> [WHAT THIS TASK INVOLVES]:
Find the line with "Tilsæt kalkunkødet, drys" in the entries below, then output every line from it down to the line with "The account @SBF_DOGE, impersonating", exactly and with no pictures.

> [RECORDS FOR THIS TASK]:
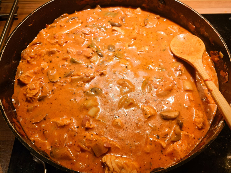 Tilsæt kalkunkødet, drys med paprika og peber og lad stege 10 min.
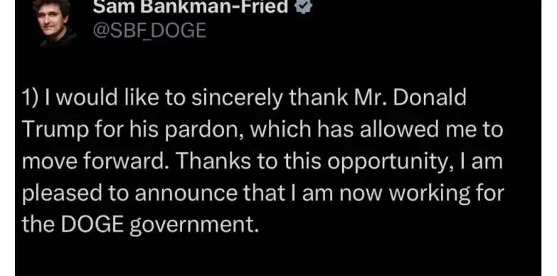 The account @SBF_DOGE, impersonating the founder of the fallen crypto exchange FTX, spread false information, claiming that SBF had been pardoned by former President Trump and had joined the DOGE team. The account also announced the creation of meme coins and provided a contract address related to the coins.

* * *

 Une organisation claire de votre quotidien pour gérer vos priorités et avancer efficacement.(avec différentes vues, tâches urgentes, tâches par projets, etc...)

> [TASK RESPONSE]:
 Tilsæt kalkunkødet, drys med paprika og peber og lad stege 10 min.
 The account @SBF_DOGE, impersonating the founder of the fallen crypto exchange FTX, spread false information, claiming that SBF had been pardoned by former President Trump and had joined the DOGE team. The account also announced the creation of meme coins and provided a contract address related to the coins.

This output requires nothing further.